Run the following code

helm repo add chaos-mesh https://charts.chaos-mesh.org
helm repo update
kubectl create ns chaos-testing
helm install chaos-mesh chaos-mesh/chaos-mesh --namespace=chaos-testing --set chaosDaemon.runtime=containerd --set chaosDaemon.socketPath=/run/containerd/containerd.sock
kubectl get po -n chaos-testing

Verify this is running in our namespace.

Benefits of Stress Testing Your Application with Azure Chaos Studio.

One of the main benefits of using Azure Chaos Studio to stress test your application is that it can help you identify potential vulnerabilities in your code. By running your application under intense load, you can see how it responds and identify any areas where it breaks down.
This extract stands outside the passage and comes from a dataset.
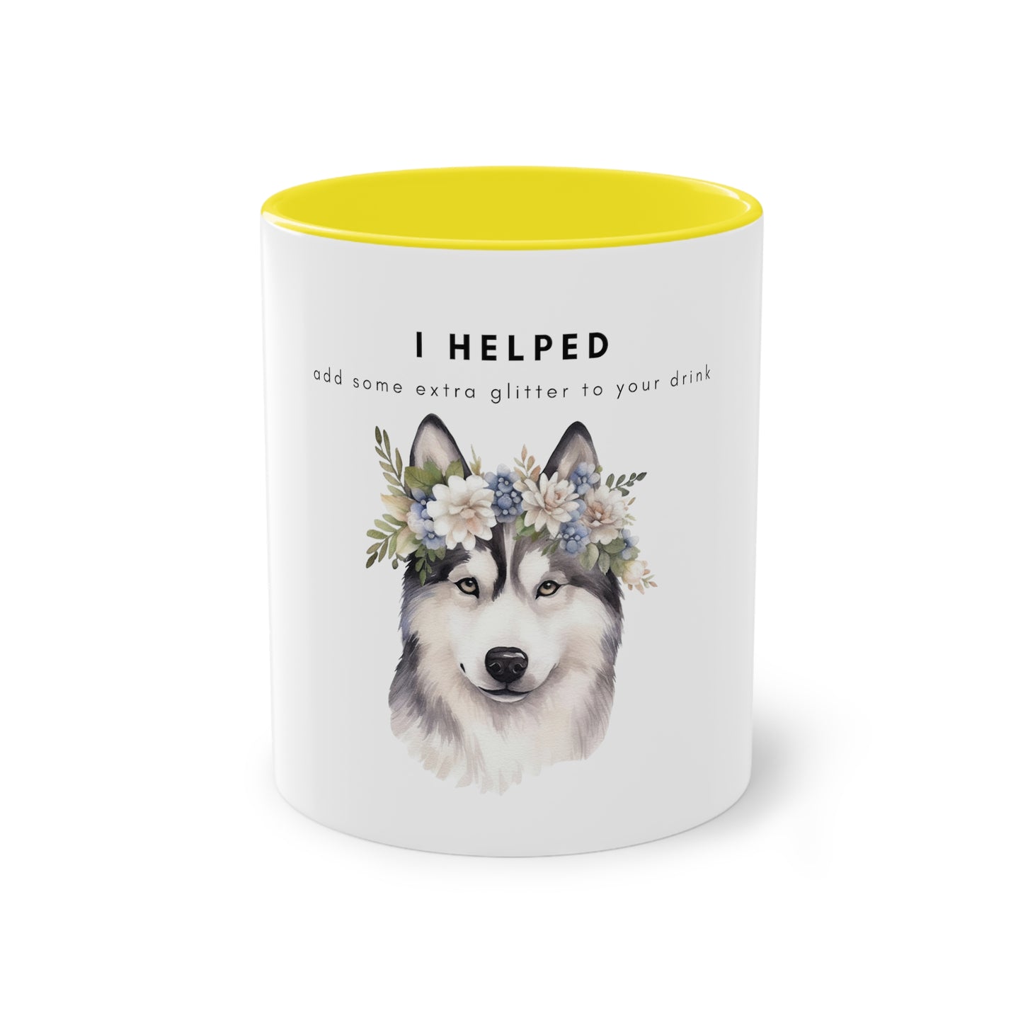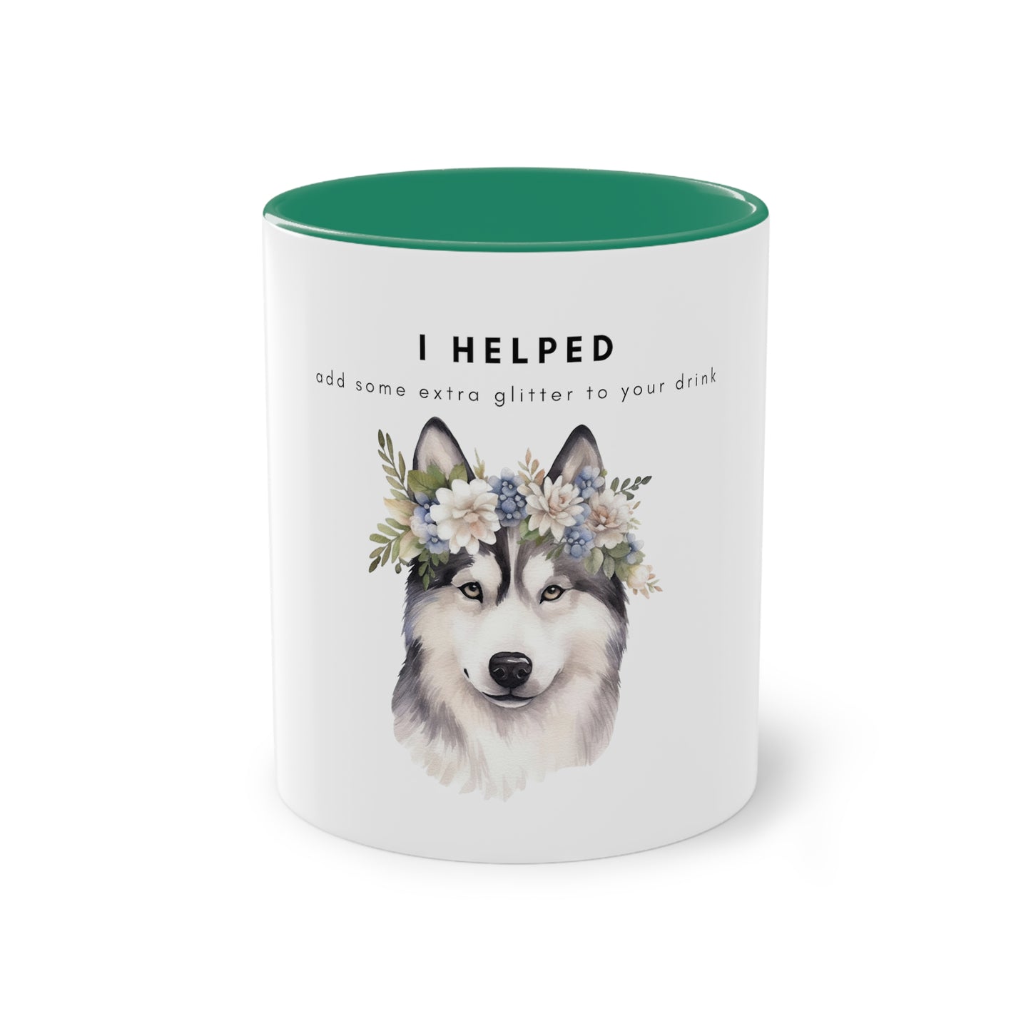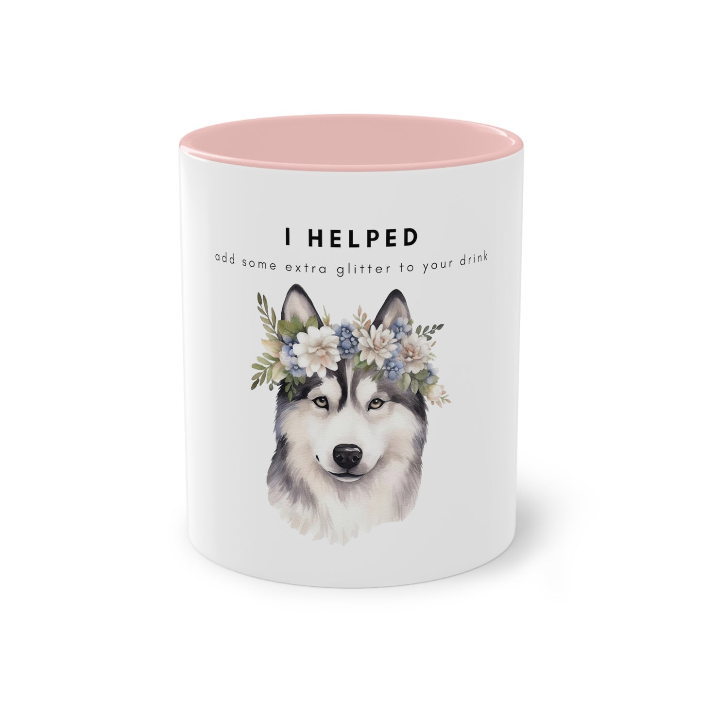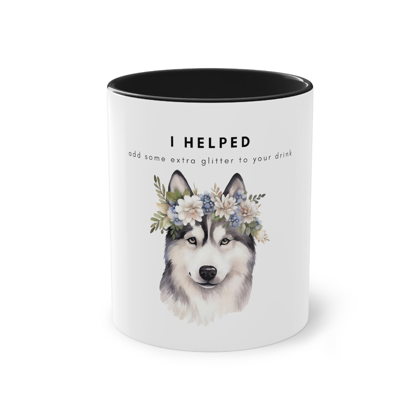 I Helped Add Glitter Husky Flowers Two-Tone Coffee Mug, 325ml - White
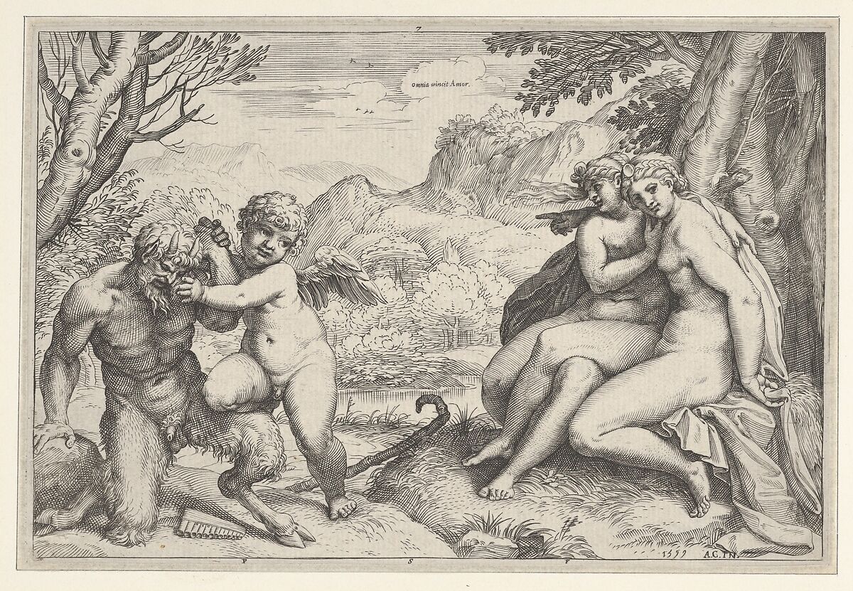 This image is a pun derived on a famous line in Virgil's tenth Eclogue, 'Love conquers all.' The Latin word omnia, like the Greek word pan, signifies 'all', while amor, the Latin name for Cupid, means 'love', so that Cupid's victorious combat with the woodland god is a visual translation of the phrase. The engraving was produced around the time that Agostino was assisting his brother Annibale in the decoration of the Farnese Gallery, a fresco cycle that also has as its theme the power of love in the universe. As a key to this meaning, Annibale had painted Cupid's successful wrestling match with Pan on one of the feigned medallions that adorn the Farnese ceiling. The subject was not a new one; it had been part of the fresco decoration of Cardinal Bibbiena's stufetta already in 1516, and had also appeared in sixteenth-century emblem books. Agostino himself had painted the battle between Pan and Cupid nearly a decade earlier in the Palazzo Magnani in Bologna.

This information can be used to improve the overall stability of your application.

Determining Application Resilience.

Another benefit of stress testing with Azure Chaos Studio is that it can help you determine the resilience of your application. By subjecting your application to extreme conditions, you can see how well it holds up and identify any areas where it needs improvement. This information can be used to make your application more resilient in the face of future challenges.

Improving Overall Performance.

Finally, stress testing with Azure Chaos Studio can also help you improve the overall performance of your application. By identifying bottlenecks and other issues, you can make changes to improve efficiency and speed up your application. This can result in a better user experience for those who use your software.

When this tool came out initially I was actually surprised because it was the first I heard of the concept in a hosted form at least from a cloud service provider at the time.

Conclusion

As we’ve seen, Azure Chaos Studio is a powerful tool that can help you stress test your application on Azure. By running stress tests and analyzing the results, you can identify potential vulnerabilities, determine resilience, and improve performance. So if you’re looking to get the most out of your application on Azure, don’t hesitate to give Azure Chaos Studio a try. As a first-party native and you could use as you need Azure monitor is pretty robust but like anything measure cost of the service as you adopt.